To exercise any of these rights, email ceej@stackjack.io. We will respond to verified requests within 30 days.
StackJack is a business-to-business service designed for managed service providers and IT professionals. We do not knowingly collect personal information from anyone under the age of 18. If we become aware that we have collected personal information from a minor, we will delete it promptly.
StackJack’s infrastructure is hosted on Microsoft Azure. Your data may be processed in the United States or other jurisdictions where Azure operates data centers. If you are in the EEA, UK, or other jurisdictions with data transfer restrictions, by using StackJack you consent to the transfer and processing of your data in the United States. We apply the same protections regardless of where data is processed.

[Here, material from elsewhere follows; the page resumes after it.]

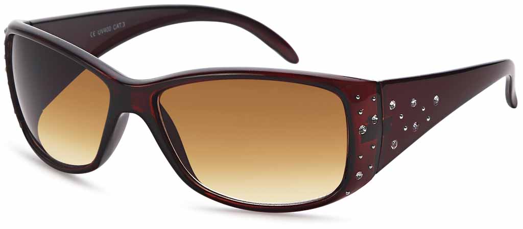 Glänzende Sonnenbrille für Damen mit Straßsteinen seitlich und im Bügel, in schwarz oder braun

The stackjack.io website uses cookies strictly necessary for site operation: session cookies to maintain your login state, WooCommerce cookies for storefront functionality (cart, checkout, account management), and standard WordPress session/authentication cookies. We do not use advertising cookies, third-party tracking cookies, or retargeting pixels of any kind.
We may update this Privacy Policy from time to time. If we make material changes, we will notify active subscribers by email and update the “Last updated” date at the top. Changes will not be applied retroactively. If a change materially reduces your rights or expands how we use your data, we will obtain your consent before applying it to data collected under the previous policy.